Aim of the exercise:
Beginning with the line that contains "Complan Vie Max", reproduce the remaining lines of the material exactly, up to and including the last one, but no pictures.

Dataset extract:
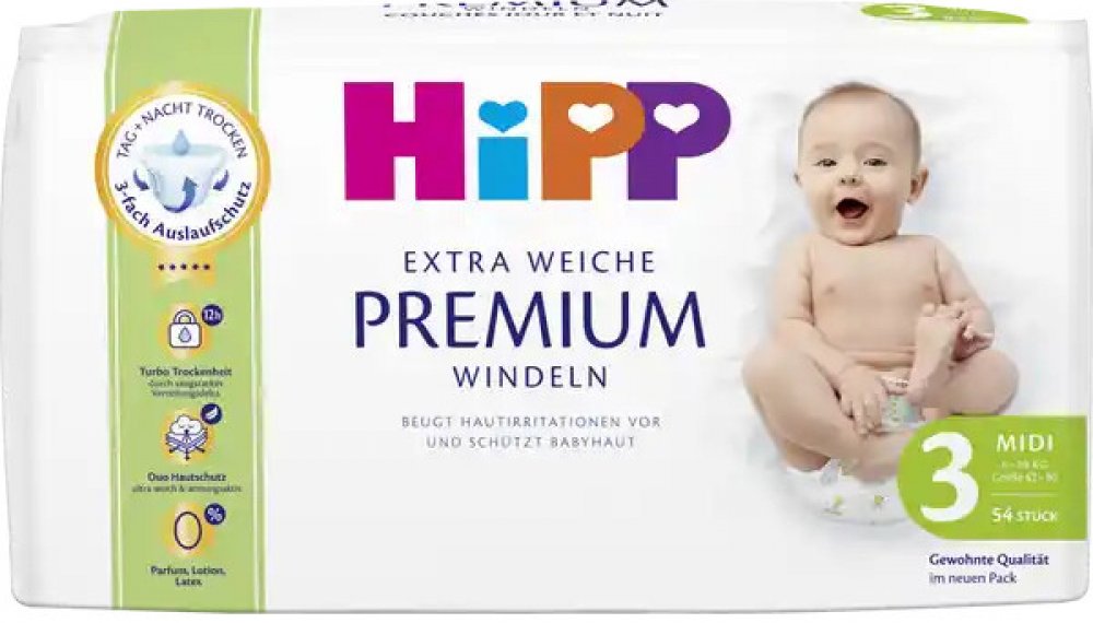 HiPP Babysanft extra měkké plenky Velikost 3 (Midi, 6-10 kg):Protože citlivá pokožka potřebuje zvláště měkké plenky, nové HiPP Babysanft Extra Soft plenky nejen udržují vaše dítě v suchu a suchu, ale jsou také velmi laskavé k pokožce.Takže váš miláček je zabalen jemně a sucho ve dne i v noci.Vyvinuto s porodní asistentky, aby se minimalizovalo riziko alergie od začátku.Proto jsou plenky HiPP Babysanft bez parfému, pleťového mléka, chloru (TCF) a přírodního latexu.S inovativním zapínáním: háčky ze síťoviny ulpívají na povrchu pleny v libovolném bodě pro flexibilní přizpůsobení nohám a bříšku.S vyrovnávacími kanály a extra dlouhým absorpčním jádrem.Kompatibilita klinicky dermatologicky testována.Šetrné k životnímu prostředí a šetrné k životnímu prostředí: buničina ze 100 udržitelných zdrojů.Plenky vyrobené ze zelené elektřiny.Krátké dopravní trasy, vyrobené v Německu.udržuje vás v suchu - ve dne iv nocis inovativním fit uzávěrem pro flexibilní přizpůsobení nohou a bříškuvyvážení kanálůdlouhé absorpční jádro pro
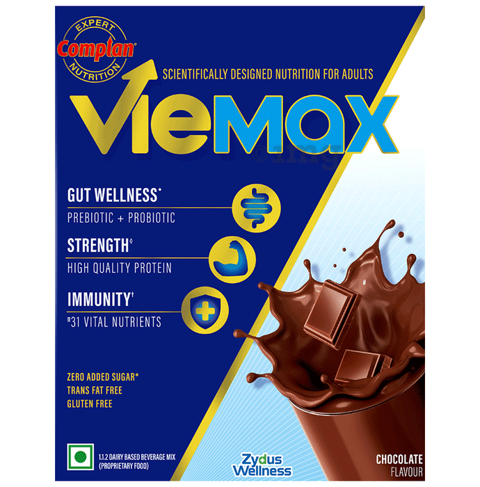 Complan Vie Max Chocolate is a chocolate flavoured scientifically formulated nutrition supplement for adults. It combines high-quality protein with the added benefits of prebiotics (Fructo-Oligosaccharide) and probiotics (Bacillus coagulans Unique IS-2) to support strength and gut wellness. With 31 vital nutrients, zero added sugar, and no trans fats, it’s an ideal beverage for immunity support, strong bones, and overall wellness.
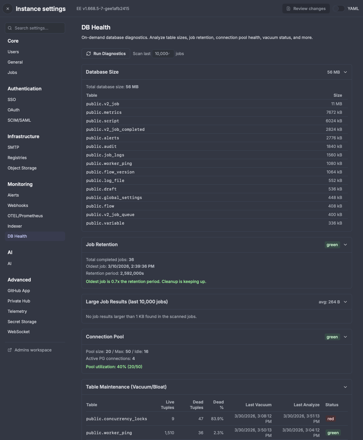 New on-demand database diagnostic dashboard for superadmins. Surfaces database size, job retention health, large job results, connection pool status, vacuum/bloat stats, slow queries, and datatable sizes — all from within Instance Settings.
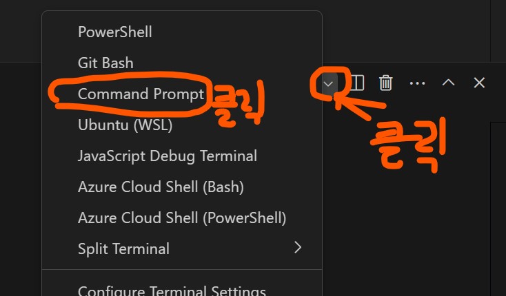 확인했다면 서버가 돌도록 그대로 두고 vscode에서 cmd 터미널을 한개 더 열도록 하장

Task solution:
 Complan Vie Max Chocolate is a chocolate flavoured scientifically formulated nutrition supplement for adults. It combines high-quality protein with the added benefits of prebiotics (Fructo-Oligosaccharide) and probiotics (Bacillus coagulans Unique IS-2) to support strength and gut wellness. With 31 vital nutrients, zero added sugar, and no trans fats, it’s an ideal beverage for immunity support, strong bones, and overall wellness.
 New on-demand database diagnostic dashboard for superadmins. Surfaces database size, job retention health, large job results, connection pool status, vacuum/bloat stats, slow queries, and datatable sizes — all from within Instance Settings.
 확인했다면 서버가 돌도록 그대로 두고 vscode에서 cmd 터미널을 한개 더 열도록 하장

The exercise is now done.